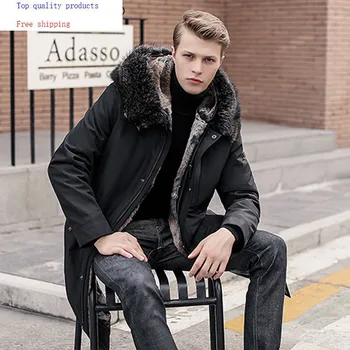 Product Name: Parka Männer Winter Gans Unten Jacke Echt Kaninchen Pelz Mantel Mit Kapuze Waschbären Pelz Kragen Warme Parkas Männer 2020 1916 KJ3112
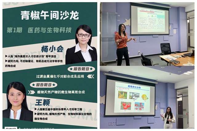 首先杨小会老师进行了题为《过渡金属催化不对称合成及应用》的主题汇报,着重介绍了基于高效不对称合成新反应和新方法建立手性天然产物分子的不对称全合成新策略的工作。王颖老师进行了题为《植物天然产物的微生物高效合成》的主题汇报,此项工作研究了五环三萜类化合物在微生物中的异源合成过程,解决了植物天然产物微生物生产中存在的关键问题。随后参加沙龙的老师与两位报告人围绕 “医药与生物科技” 主题展开热烈讨论。
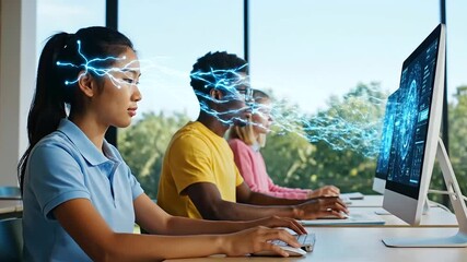 Students Engaged With Digital Network Interface Technology Videos
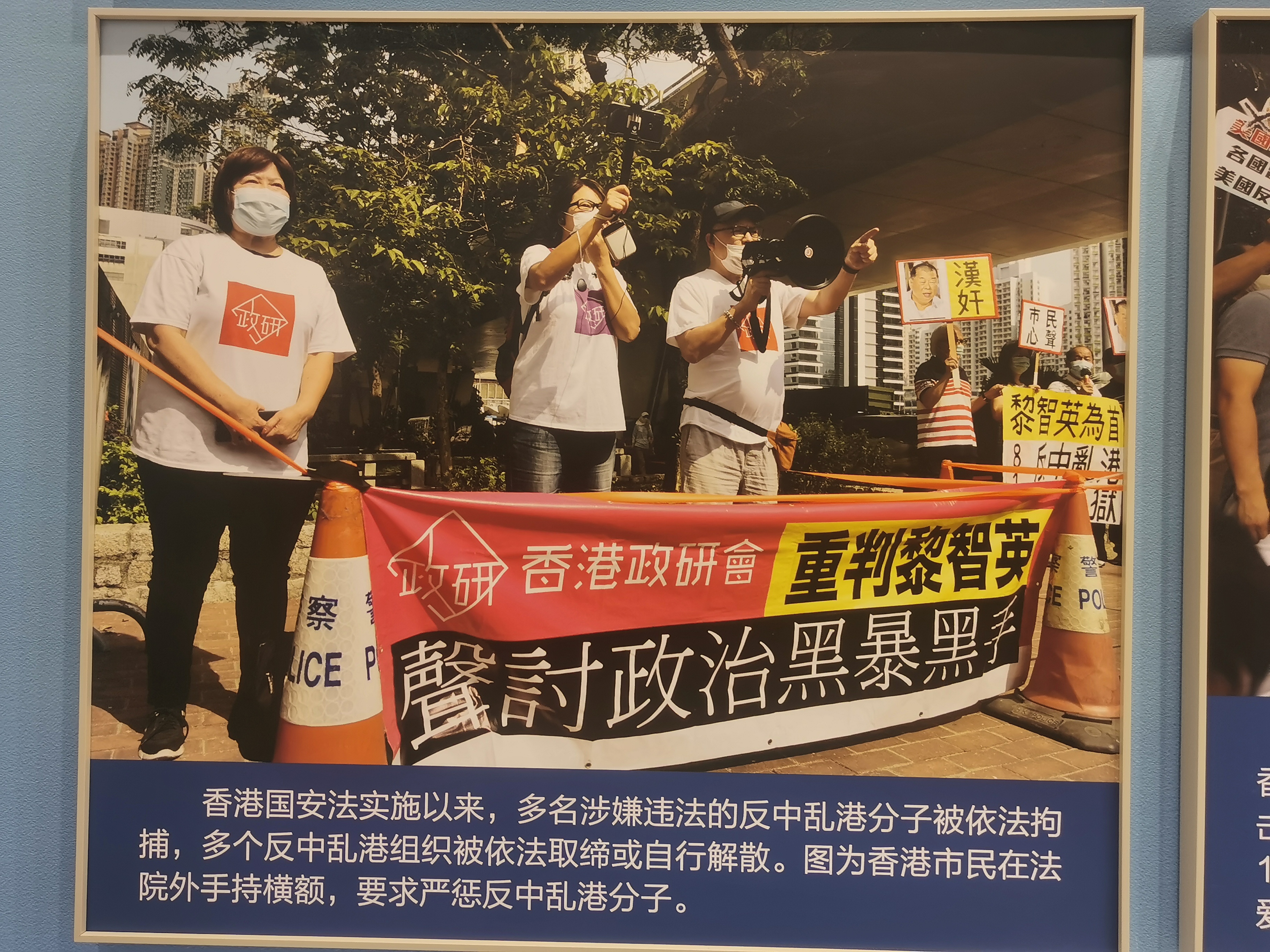 2020年6月30日,全國人大常委會通過香港國安法,並決定將該法列入基本法附件三,由香港特別行政區政府同日刊憲公布實施。一張香港市民在法院外手持橫額,要求嚴懲反中亂港分子的照片,則展示出香港國安法實施以來,多名涉嫌違法的反中亂港分子被依法拘捕,多個反中亂港組織已被依法取締或自行解散,有力打擊了「港獨」激進勢力的囂張氣焰。

### The task
Print the full listing again exactly, and drop every image from it.

### Output for this exercise
 Product Name: Parka Männer Winter Gans Unten Jacke Echt Kaninchen Pelz Mantel Mit Kapuze Waschbären Pelz Kragen Warme Parkas Männer 2020 1916 KJ3112
 首先杨小会老师进行了题为《过渡金属催化不对称合成及应用》的主题汇报,着重介绍了基于高效不对称合成新反应和新方法建立手性天然产物分子的不对称全合成新策略的工作。王颖老师进行了题为《植物天然产物的微生物高效合成》的主题汇报,此项工作研究了五环三萜类化合物在微生物中的异源合成过程,解决了植物天然产物微生物生产中存在的关键问题。随后参加沙龙的老师与两位报告人围绕 “医药与生物科技” 主题展开热烈讨论。
 Students Engaged With Digital Network Interface Technology Videos
 2020年6月30日,全國人大常委會通過香港國安法,並決定將該法列入基本法附件三,由香港特別行政區政府同日刊憲公布實施。一張香港市民在法院外手持橫額,要求嚴懲反中亂港分子的照片,則展示出香港國安法實施以來,多名涉嫌違法的反中亂港分子被依法拘捕,多個反中亂港組織已被依法取締或自行解散,有力打擊了「港獨」激進勢力的囂張氣焰。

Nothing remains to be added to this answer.